**** Data extracts

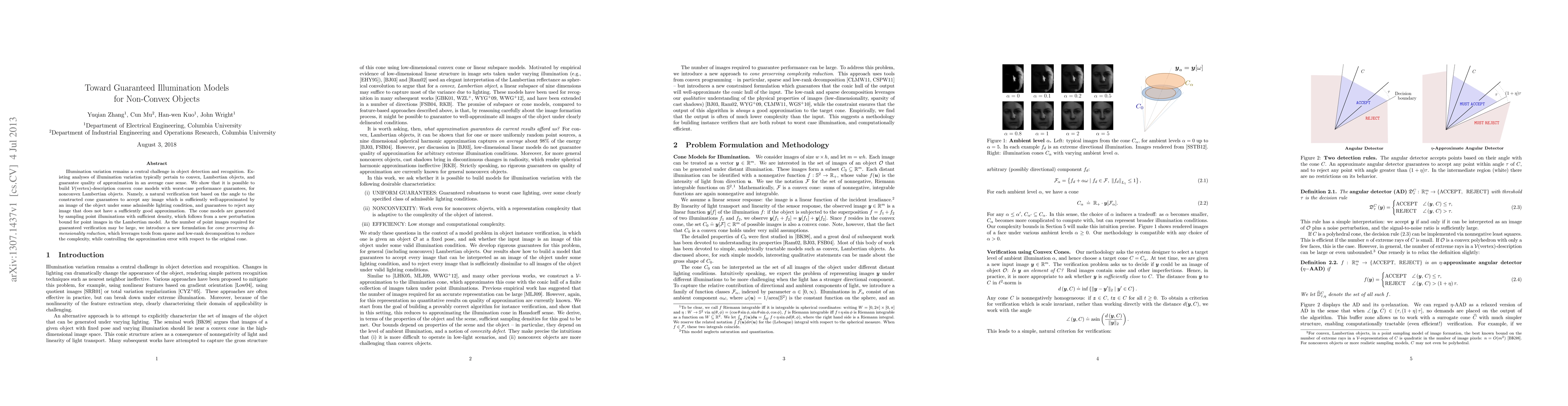 Illumination variation remains a central challenge in object detection and recognition. Existing analyses of illumination variation typically pertain to convex, Lambertian objects, and guarantee quality of approximation in an average case sense. We show that it is possible to build V(vertex)-description convex cone models with worst-case performance guarantees, for non-convex Lambertian objects. Namely, a natural verification test based on the angle to the constructed cone guarantees to accept any image which is sufficiently well-approximated by an image of the object under some admissible lighting condition, and guarantees to reject any image that does not have a sufficiently good approximation. The cone models are generated by sampling point illuminations with sufficient density, which follows from a new perturbation bound for point images in the Lambertian model. As the number of point images required for guaranteed verification may be large, we introduce a new formulation for cone preserving dimensionality reduction, which leverages tools from sparse and low-rank decomposition to reduce the complexity, while controlling the approximation error with respect to the original cone.
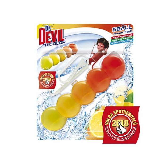 Dr.DEVIL BiCOLOR WC závesný blok tuhý 5Ball 1x35g Lemon fresh
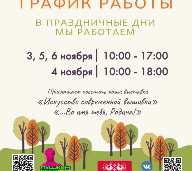 В праздничные дни Музейно-выставочный центр им. Л. Чайкиной Тверского областного Дома народного творчества работает: 3, 5, 6 ноября — с…
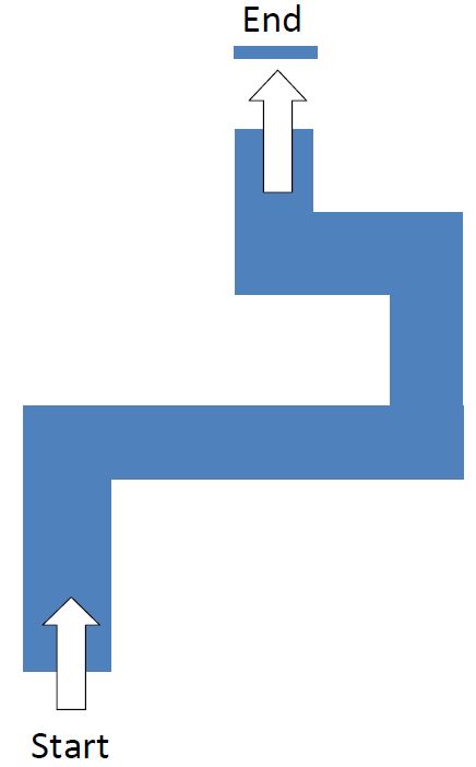 Note that this just one example of such a tunnel. Your robot should be capable of navigating any tunnel of equivalent difficulty. The tunnel will be at least 60cm wide and all turns will be right angles (with enough space that a robot of standard configuration will be able to turn without obstruction. The end marker point will be placed 60cm from the opening of the tunnel and will be the size of a printer paper box lid (i.e. just larger than A4).
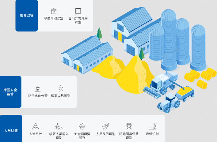 為加速AI在糧庫行業(yè)落地,鯤云科技推出智能化糧倉解決方案,基于人工智能技術(shù),依靠邊緣分析設(shè)備對糧倉攝像頭采集的視頻數(shù)據(jù)進(jìn)行實(shí)時(shí)識別分析,利用倉內(nèi)人數(shù)識別、倉門開關(guān)識別、糧面異動(dòng)識別、煙霧火焰識別等AI算法,實(shí)現(xiàn)可視化遠(yuǎn)程監(jiān)管、風(fēng)險(xiǎn)秒級預(yù)警、精準(zhǔn)化應(yīng)急調(diào)控,助力“科技儲(chǔ)糧、綠色儲(chǔ)糧、安全儲(chǔ)糧”,將糧食安全真正落到實(shí)處。
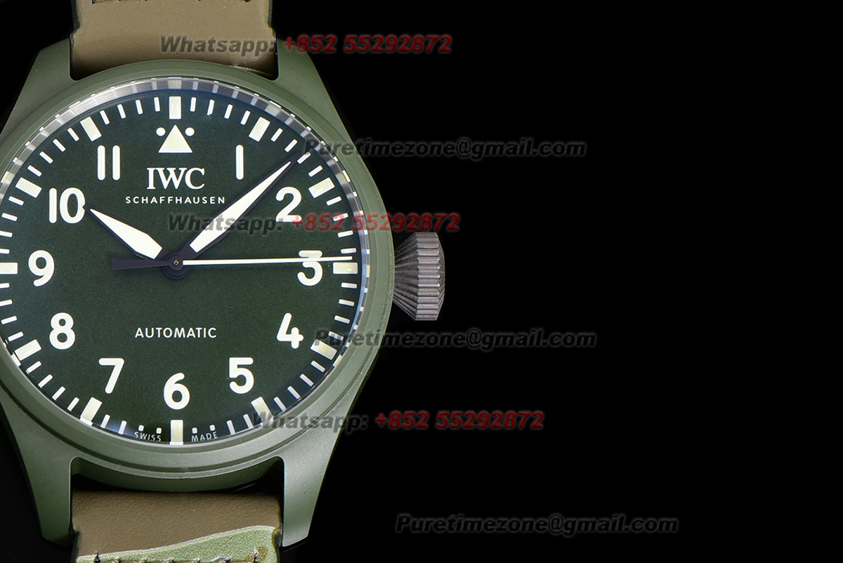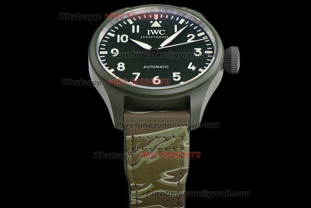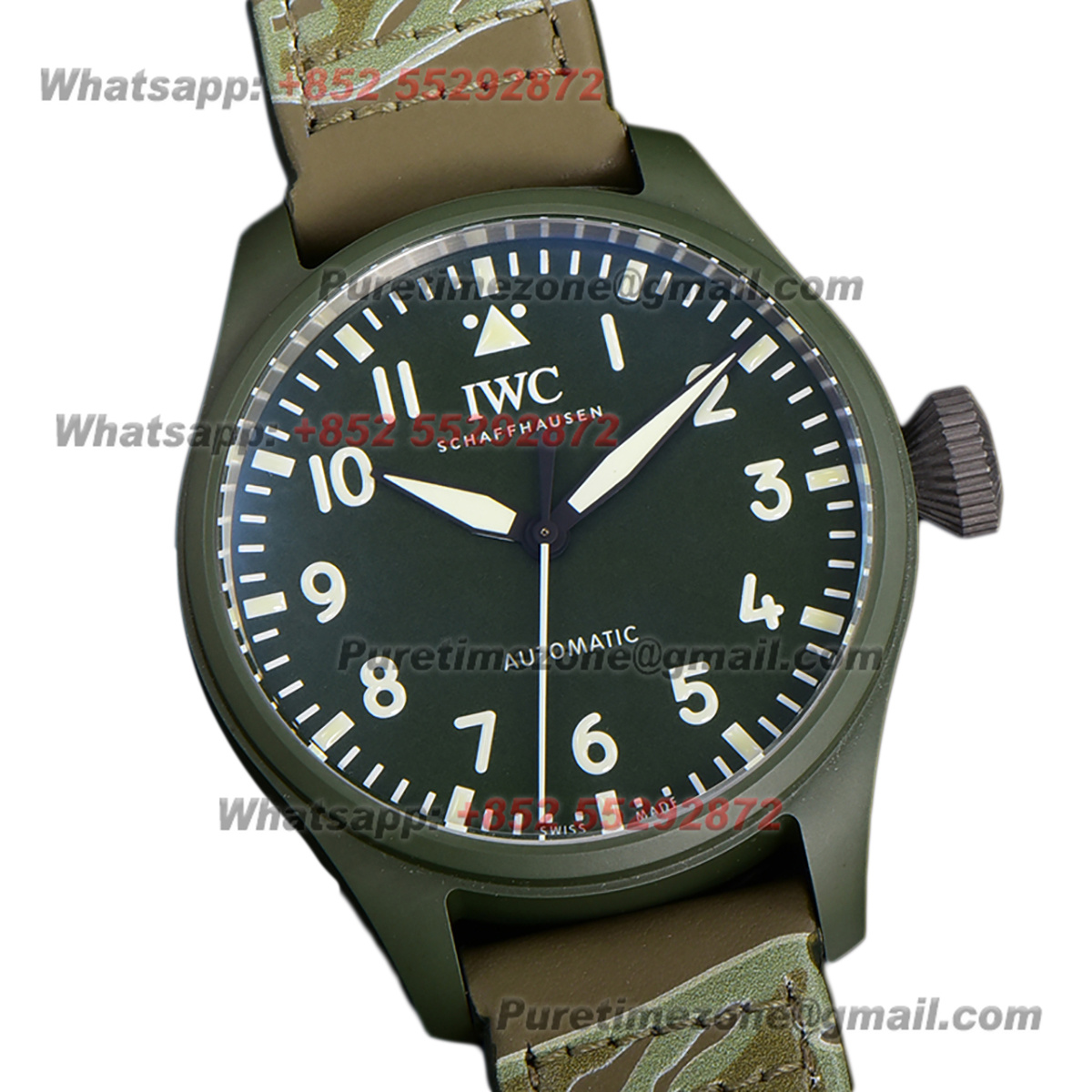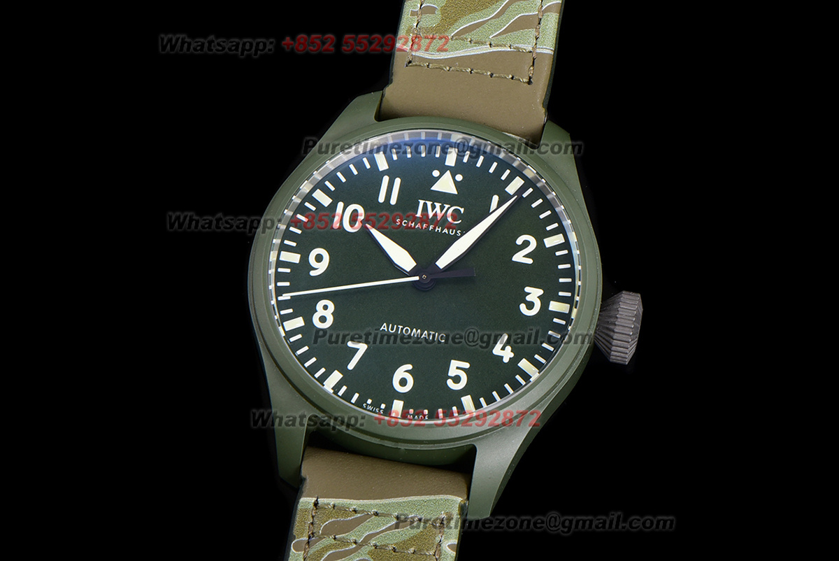 Pilot’s Automatic Top Gun Ceramic& Titanium IW326902 Mens Watch Super Clone TWF 43mm Green Dial Camouflage Leather Strap M9015
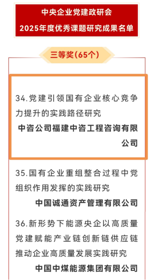 喜訊!中咨公司研究課題榮獲中央企業黨建政研會2025年度優秀課題研究成果三等獎

********

### Exercise directions:
Copy the data above line for line, skipping every picture.

### Written solution:
 Illumination variation remains a central challenge in object detection and recognition. Existing analyses of illumination variation typically pertain to convex, Lambertian objects, and guarantee quality of approximation in an average case sense. We show that it is possible to build V(vertex)-description convex cone models with worst-case performance guarantees, for non-convex Lambertian objects. Namely, a natural verification test based on the angle to the constructed cone guarantees to accept any image which is sufficiently well-approximated by an image of the object under some admissible lighting condition, and guarantees to reject any image that does not have a sufficiently good approximation. The cone models are generated by sampling point illuminations with sufficient density, which follows from a new perturbation bound for point images in the Lambertian model. As the number of point images required for guaranteed verification may be large, we introduce a new formulation for cone preserving dimensionality reduction, which leverages tools from sparse and low-rank decomposition to reduce the complexity, while controlling the approximation error with respect to the original cone.
 Dr.DEVIL BiCOLOR WC závesný blok tuhý 5Ball 1x35g Lemon fresh
 В праздничные дни Музейно-выставочный центр им. Л. Чайкиной Тверского областного Дома народного творчества работает: 3, 5, 6 ноября — с…
 Note that this just one example of such a tunnel. Your robot should be capable of navigating any tunnel of equivalent difficulty. The tunnel will be at least 60cm wide and all turns will be right angles (with enough space that a robot of standard configuration will be able to turn without obstruction. The end marker point will be placed 60cm from the opening of the tunnel and will be the size of a printer paper box lid (i.e. just larger than A4).
 為加速AI在糧庫行業(yè)落地,鯤云科技推出智能化糧倉解決方案,基于人工智能技術(shù),依靠邊緣分析設(shè)備對糧倉攝像頭采集的視頻數(shù)據(jù)進(jìn)行實(shí)時(shí)識別分析,利用倉內(nèi)人數(shù)識別、倉門開關(guān)識別、糧面異動(dòng)識別、煙霧火焰識別等AI算法,實(shí)現(xiàn)可視化遠(yuǎn)程監(jiān)管、風(fēng)險(xiǎn)秒級預(yù)警、精準(zhǔn)化應(yīng)急調(diào)控,助力“科技儲(chǔ)糧、綠色儲(chǔ)糧、安全儲(chǔ)糧”,將糧食安全真正落到實(shí)處。
 Pilot’s Automatic Top Gun Ceramic& Titanium IW326902 Mens Watch Super Clone TWF 43mm Green Dial Camouflage Leather Strap M9015
 喜訊!中咨公司研究課題榮獲中央企業黨建政研會2025年度優秀課題研究成果三等獎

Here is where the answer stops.